You see texts in scripture can never be seen in isolation. It is somewhat easier to faithfully isolate a piece of Paul's writing, but still the preacher's sermon is poorer for it.

The modernist revolution hit biblical interpretation in a hard way even amongst conservative circles. There is a scientific method of interpreting scripture even in most conservative seminaries that tends to be overly rational and apply principles to interpretation which are too rigid.

I once heard a pastor remark on Paul's exegesis of an Old Testament text that any student in a seminary who did such exegesis would receive a failing grade. He was of course correct, but you see it simply means that principles which are too rigid have been brought into modern interpretation.

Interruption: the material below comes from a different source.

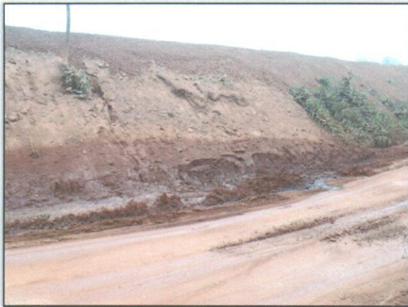
Foto 1 – Obstrução de bueiro. Lado: Esquerdo. Estaca: 4131. S 03. 44822° W 052. 91297° 18/10/2012

O Consórcio Ambiental BR-230/422/PA, portador do contrato N° PP 508/2011, cujo objeto é a execução dos Serviços de Gestão Ambiental, abrangendo a Supervisão Ambiental, a Implementação de Programas Ambientais e Gerenciamento Ambiental das Obras de Implantação e Pavimentação nas Rodovias BR-230/PA e BR-422/PA, incluindo obras-de-arte especiais, em atendimento ao estipulado no Edital de Licitação 609/2009, atesta que a empresa SANCHES TRIPOLONI ENCONTRA-SE EM CONFORMIDADE COM OS SERVIÇOS AMBIENTAIS referente ao Comunicado de Não Conformidade Ambiental (CNC) N° 23/2012, que refere-se à obstrução de bueiro por material proveniente de serviço de terraplenagem e abertura de caminho de serviço. A construtora realizou a desobstrução do bueiro citado no referente comunicado.

Each text in modern interpretation (even conservative interpretation) is seen in isolation. Rather we need to not isolate texts as they are. Often I feel the tendency of pastors is to preach on far too few verses.

Not only is the text in isolation but the text is one verse. To get better preaching it seems necessary that texts cannot be isolated from the entirety of the Bible and it seems that preaching may often be helped by taking large chunks to preach form.

Finally pastors will be better served to not pre-determine the format of their sermon. A three point sermon used by many pastors pre-determines in a sense what the text will say. It is not a rational approach to fit the word of God into a pre-determined mold.

Maybe in the text God has made only one point and maybe God has made seven points in the text. Many sermons would be greatly helped by at least at times moving away from a pre-determined format.

Of course it takes time to consider a text in a way that someone might vary their delivery of it. Of course you see that time is never wasted. Even if the format is kept, the openness to the text is important. The less presuppositions we bring to a text of what it will say and how it will flow, the more likely we will understand a text.